Stress vulnerability and pathogenic mechanisms in stress-related disorders are strongly associated with the functions of serotonin transporter (SERT). SERT phosphorylation induces a reduction of the serotonin (5-HT, 5-hydroxytryptamine) transport properties, its phosphorylation regulated by protein kinase C (PKC). However, the functional relationship between regulated SERT activity by PKC and stress vulnerability remains unclear. Here, we investigated whether the functional regulation of SERT by PKC was involved in stress vulnerability using mice exposed to twice-swim stress that exhibited the impairment of social behaviors. The mild-swim stress (6 min) given just before the social interaction test did not affect the social behaviors of mice. However, mice exposed to strong-swim stress (15 min) became vulnerable to the mild-swim stress, and subsequent social behaviors were impaired. Chelerythrine, a PKC inhibitor, exacerbated decreased sociality in mice exposed to acute mild-swim stress. Phorbol 12-myristate 13-acetate (PMA), a PKC activator, ameliorated the impairment of social behaviors in mice exposed to twice-swim stress.
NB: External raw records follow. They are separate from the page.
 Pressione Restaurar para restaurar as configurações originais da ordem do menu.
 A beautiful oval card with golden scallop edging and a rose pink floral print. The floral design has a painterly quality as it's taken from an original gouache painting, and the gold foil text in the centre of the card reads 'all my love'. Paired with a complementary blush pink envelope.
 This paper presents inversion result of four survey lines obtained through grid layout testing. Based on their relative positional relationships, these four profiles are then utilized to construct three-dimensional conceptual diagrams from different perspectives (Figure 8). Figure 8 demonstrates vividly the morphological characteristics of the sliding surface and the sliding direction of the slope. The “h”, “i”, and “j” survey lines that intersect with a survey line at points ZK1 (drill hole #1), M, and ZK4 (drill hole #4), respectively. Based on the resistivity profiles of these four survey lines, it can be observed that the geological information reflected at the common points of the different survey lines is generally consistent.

Phosphorylated PKCβI or SERT and 5-HT levels were decreased in the prefrontal cortex of twice-stressed mice. These decreases were attenuated by PMA. Our findings demonstrate that mice exposed to twice-swim stress developed stress vulnerability, which may be involved in the regulation of SERT phosphorylation and 5-HT levels accompanying PKCβI activity.
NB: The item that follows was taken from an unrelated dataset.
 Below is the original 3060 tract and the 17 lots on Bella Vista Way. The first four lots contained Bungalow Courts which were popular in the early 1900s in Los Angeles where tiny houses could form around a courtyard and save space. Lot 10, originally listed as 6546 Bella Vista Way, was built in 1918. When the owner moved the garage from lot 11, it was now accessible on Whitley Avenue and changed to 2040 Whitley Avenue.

压力相关疾病的压力易感性和致病机制与血清素转运蛋白 (SERT) 的功能密切相关。SERT 磷酸化诱导血清素（5-HT、5-羟色胺）转运特性的降低，其磷酸化受蛋白激酶 C (PKC) 调节。然而，PKC 调节的 SERT 活性与应激脆弱性之间的功能关系仍不清楚。在这里，我们研究了 PKC 对 SERT 的功能调节是否涉及使用暴露于两次游泳压力的小鼠的应激脆弱性，这些小鼠表现出社会行为的损害。在社交互动测试之前给予的温和游泳压力（6分钟）不会影响小鼠的社交行为。然而，暴露于强游泳压力（15分钟）的小鼠变得容易受到轻度游泳压力，随后的社会行为受到损害。白屈菜红碱是一种 PKC 抑制剂，加剧了暴露于急性轻度游泳压力的小鼠的社交能力下降。Phorbol 12-myristate 13-acetate (PMA) 是一种 PKC 激活剂，可改善暴露于两次游泳压力的小鼠的社会行为障碍。二次应激小鼠前额叶皮层的磷酸化 PKCβI 或 SERT 和 5-HT 水平降低。PMA 减弱了这些下降。我们的研究结果表明，暴露于两次游泳压力的小鼠会出现压力脆弱性，这可能与伴随 PKCβI 活性的 SERT 磷酸化和 5-HT 水平的调节有关。改善了暴露于两次游泳压力的小鼠的社会行为障碍。二次应激小鼠前额叶皮层的磷酸化 PKCβI 或 SERT 和 5-HT 水平降低。PMA 减弱了这些下降。我们的研究结果表明，暴露于两次游泳压力的小鼠会出现压力脆弱性，这可能与伴随 PKCβI 活性的 SERT 磷酸化和 5-HT 水平的调节有关。改善了暴露于两次游泳压力的小鼠的社会行为障碍。二次应激小鼠前额叶皮层的磷酸化 PKCβI 或 SERT 和 5-HT 水平降低。PMA 减弱了这些下降。我们的研究结果表明，暴露于两次游泳压力的小鼠会出现压力脆弱性，这可能与伴随 PKCβI 活性的 SERT 磷酸化和 5-HT 水平的调节有关。